=== Source data ===

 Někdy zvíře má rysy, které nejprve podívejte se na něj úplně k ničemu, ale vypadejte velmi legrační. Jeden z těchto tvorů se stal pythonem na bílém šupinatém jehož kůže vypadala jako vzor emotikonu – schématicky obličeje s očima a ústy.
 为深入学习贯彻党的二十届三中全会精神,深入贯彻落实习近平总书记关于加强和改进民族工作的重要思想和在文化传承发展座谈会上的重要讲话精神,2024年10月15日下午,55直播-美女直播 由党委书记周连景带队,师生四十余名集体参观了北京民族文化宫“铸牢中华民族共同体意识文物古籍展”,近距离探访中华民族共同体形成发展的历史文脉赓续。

===
=== Source data ===

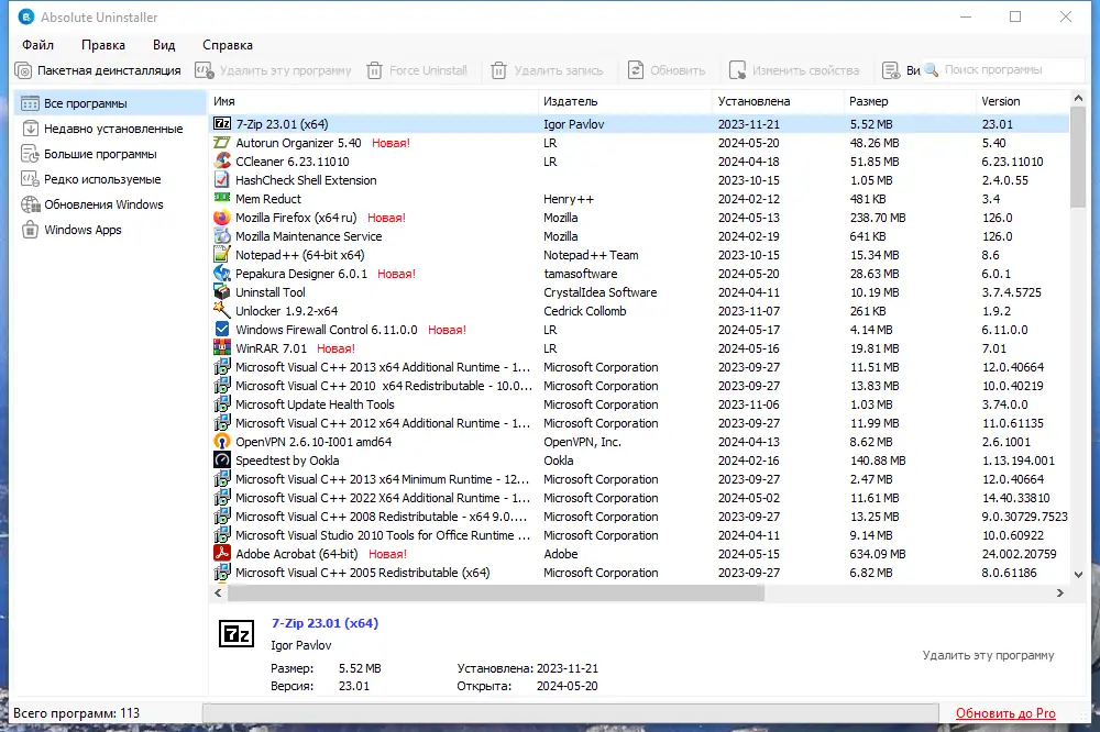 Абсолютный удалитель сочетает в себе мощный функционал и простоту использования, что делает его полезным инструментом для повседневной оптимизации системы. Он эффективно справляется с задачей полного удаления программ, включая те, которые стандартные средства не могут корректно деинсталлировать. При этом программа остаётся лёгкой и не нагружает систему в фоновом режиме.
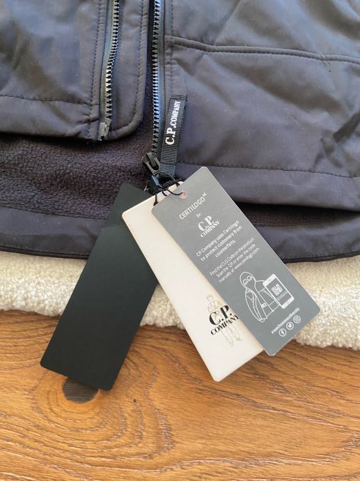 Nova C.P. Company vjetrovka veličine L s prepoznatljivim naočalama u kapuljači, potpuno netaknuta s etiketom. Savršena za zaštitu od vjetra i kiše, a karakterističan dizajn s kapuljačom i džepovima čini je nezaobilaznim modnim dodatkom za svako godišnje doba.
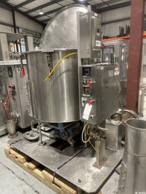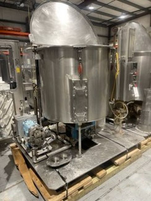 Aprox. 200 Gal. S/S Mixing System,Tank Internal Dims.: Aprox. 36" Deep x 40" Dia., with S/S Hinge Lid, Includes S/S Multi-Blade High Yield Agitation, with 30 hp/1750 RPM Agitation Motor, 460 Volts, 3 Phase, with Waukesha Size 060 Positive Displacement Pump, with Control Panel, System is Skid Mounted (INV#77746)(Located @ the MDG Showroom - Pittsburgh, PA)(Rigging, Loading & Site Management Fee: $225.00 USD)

===
=== Source data ===

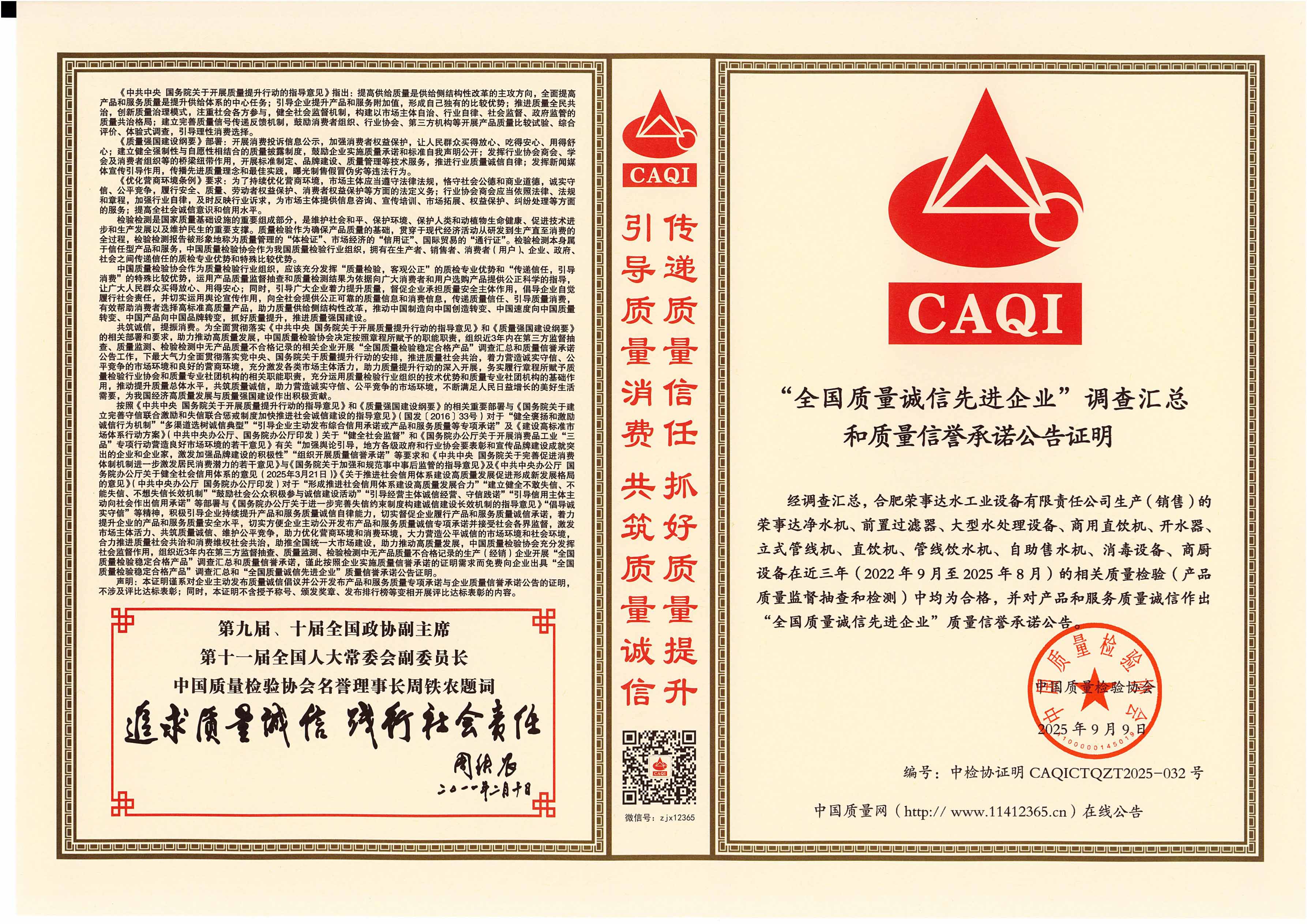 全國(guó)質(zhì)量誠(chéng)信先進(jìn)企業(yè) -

===

### Task directions
In the material above, transcribe exactly the lines beginning at the one with "Někdy zvíře má" and ending at the one with "为深入学习贯彻党的二十届三中", both included.

### Answer to the problem
 Někdy zvíře má rysy, které nejprve podívejte se na něj úplně k ničemu, ale vypadejte velmi legrační. Jeden z těchto tvorů se stal pythonem na bílém šupinatém jehož kůže vypadala jako vzor emotikonu – schématicky obličeje s očima a ústy.
 为深入学习贯彻党的二十届三中全会精神,深入贯彻落实习近平总书记关于加强和改进民族工作的重要思想和在文化传承发展座谈会上的重要讲话精神,2024年10月15日下午,55直播-美女直播 由党委书记周连景带队,师生四十余名集体参观了北京民族文化宫“铸牢中华民族共同体意识文物古籍展”,近距离探访中华民族共同体形成发展的历史文脉赓续。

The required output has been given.